Rock, perhaps leery of his colleague Dave Chappelle's TERF-friendly dismissal of trans people, made a glancing joke about the Kardashian family's acceptance of Caitlyn Jenner before explaining how his blue-collar brothers would lose their minds if their father pursued gender reassignment. The bit was meant to enlighten "wokes" — and, yes, he disappointingly used that term as a pejorative during his routine — as to the difficulty of getting regular people to adjust to the concept of transgenderism. Amazingly, Louis C.K., Rock's disgraced former writing partner, was more gracefully understanding of gender fluidity — which he compared to playing a fretless bass — in his most recent stand-up special.

The title "Selective Outrage" prompted hope that Rock would train his ire on our social-media-addled obsession with tabloid sideshows like the Kardashians and the British Royal Family. Instead, Rock sunk undue minutes of his set into celebrating Robert Kardashian's role in exonerating O.J. Simpson of murder (when he was merely a periphery player in the legal soap opera) and excoriating mixed-race Meghan Markle for marrying into a famously exclusionary lily-white clan.

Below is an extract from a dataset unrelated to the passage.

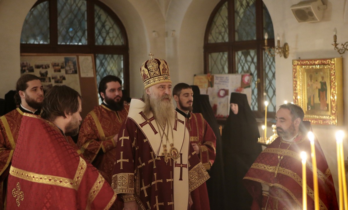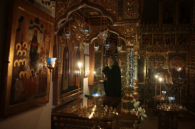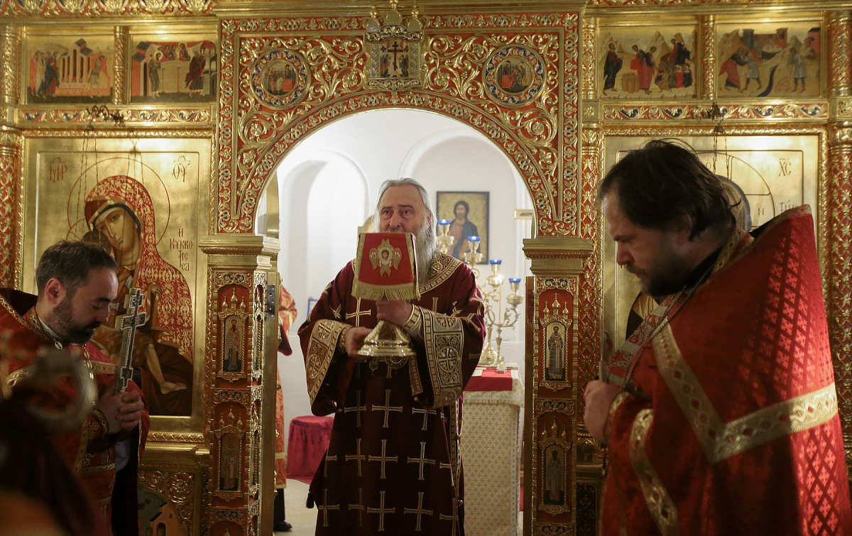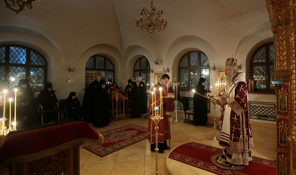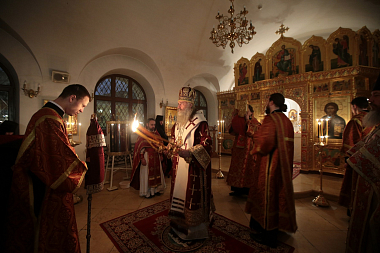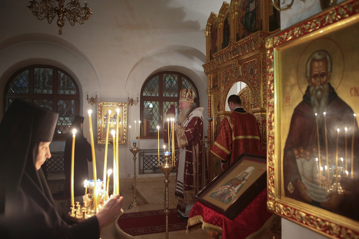 В приделе сщмч. Киприана и мчц. Иустины монастырского собора Его Высокопреосвященству сослужили клирики Зачатьевской обители.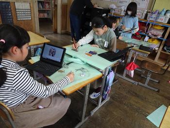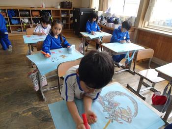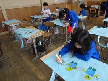 今までに作った図工の作品や書写の作品などを入れる自分だけのオリジナルバックを作っていました。

If You Seek Revenge, Bury Two Or Three Graves

These jokes fell pitifully flat, but they were beacons of enlightenment compared to Rock's lengthy tirade about getting his daughter kicked out of her upper-crust Manhattan high school. When he learned that the young woman cut out of a field trip and got drunk at a nearby bar, he crows that he went to the principal and demanded her expulsion to teach her a lesson. She's now attending a culinary school in France, and he marvels that his mother, who was raised in such racist poverty that her dental care was left to a veterinarian, can sample her granddaughter's haute cuisine in a wildly posh setting.

From here, Rock veered into a pointless, oddly mean-spirited riff on why it's better to date younger women (spoiler: they're less worldly and unlikely to put a hurt on your wallet). This stretch was reminiscent of Eddie Murphy's alienating "Bush B****" rant in "Raw," only Rock lacks his mentor's natural charisma to mine laughs out of mindless misogyny.

Then Rock guided his audience into the nadir of his set, which turned out to be its stunningly toxic point. Just when you thought he was going to remain above the fray, he dialed up the launch codes and unleashed a full-scale nuclear strike on Will and Jada Pinkett-Smith. They're not undeserving targets, but they're so grotesque — e.g. Will interviewing Jada regarding her extramarital affair with her son's best friend — and culturally irrelevant that you can't believe Rock, a socially conscious comic who's lived to see a resurgence of the racism his mother experienced throughout her childhood, wants to end the most vital special of his career since "Bring the Pain" by shaming a couple of Hollywood kooks.

"Don't fight in front of white people," Rock exclaimed as he threw down the mic. Ultimately, that's all he did.